Compliance is not easy.

The difficulties in complying are illustrated by just a sampling of the forty-six Q’s & A’s  OFAC has felt impelled to issue to explain what the sanctions mean and how they are to be applied.

Q 370:  “What do the prohibitions in Directives 1 and 2 mean?  Are they  blocking actions?”

Q 371:  “What does OFAC interpret to be debt and equity …?”

Q 372:  “Do Directives 1, 2, and 3 prohibit U.S. persons from entering into  derivatives contracts linked to new debt or new equity issued by the entities  subject to the Directives?”

Q 393:  “Does OFAC consider counterparty credit risk associated with  derivatives transactions that are authorized pursuant to General License 1A to  Executive Order 13662 to constitute new debt?”
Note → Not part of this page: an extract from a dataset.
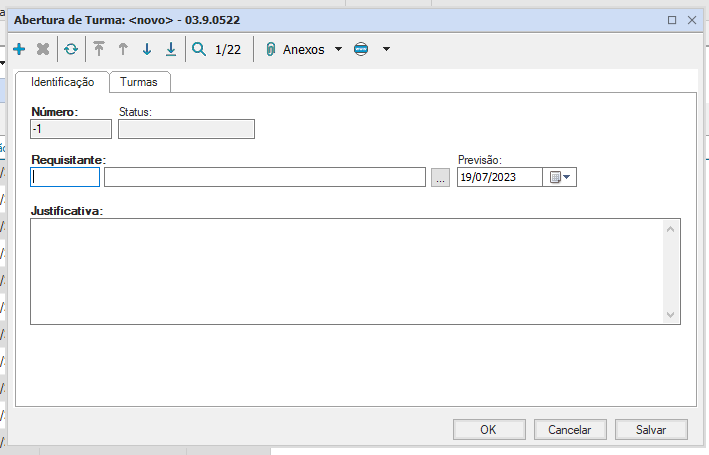 A requisição de abertura de turmas tem como objetivo efetivar as turmas propostas, para isso é necessário realizar a inserção manual da requisição solicitada via sistema de Demandas no sistema Totvs RM. Para efetuar o processo, selecione “Requisições- Requisição de Abertura de Turmas”

Q 405:  “Does the prohibition on ‘otherwise dealing in new debt’ of longer  than 30 days maturity (for persons subject to Directives 1 and 3) or 90 days  (for persons subject to Directive 2) of SSI [Sectoral Sanctions Identification  List] entities, their property, or their interests in property prohibit dealing in  debt with maturity that exceeds the applicable authorized tenor in which the  SSI entity is not directly or indirectly the borrower?”

Q 411:  “What does the prohibition contained in Directive 3 under Executive  Order 13662 mean?  What is the scope of prohibited services?”

Q 413:  “For purposes of Directive 4, how does OFAC define ‘deepwater’  projects that have the potential to produce oil?”

Q 414:  “Does Directive 4 apply to projects that have the potential to produce  gas?”

The difficulties of compliance are compounded by the Commerce Department’s action in  adding some but not all the companies on OFAC’s SDN or SSI lists to the Commerce  Department’s Entity List, subjecting them to prohibitions under the Export Administration  Regulations that are far from uniform and prohibiting a number of previously permitted  exports or reexports to Russian military entities.  

Compliance is compounded still further by the EU’s sanctions relating to Russia because they  deal with many of the same kinds of transactions as the U.S. targets but in ways that are far  from identical to the way those transactions are treated under U.S. law. Needless to say, the  sanctions other countries have issued are by no means parallel either.

For years, many in the economic sanctions bar have criticized OFAC for creating sanctions  like those against Cuba, Iran and Sudan that fail to differentiate among the pressure points  that might actually be effective in producing a desired result.  In the case of the Russian  sanctions, however, differentiation is the woof and warp of the sanctions fabric, and two  agencies, OFAC and Commerce, are among the tailors but not necessarily working from the  same pattern.  If experience is any guide, those who run afoul of the sanctions are likely to  find themselves in the cross-hairs of competing enforcement initiatives.

The Russian sanctions perfectly illustrate the adage about being careful what you wish for.   For those subject to U.S. and EU sanctions and the sanctions issued by others, as many  multinationals are, the fabric requires more stitching than anyone might ever have imagined.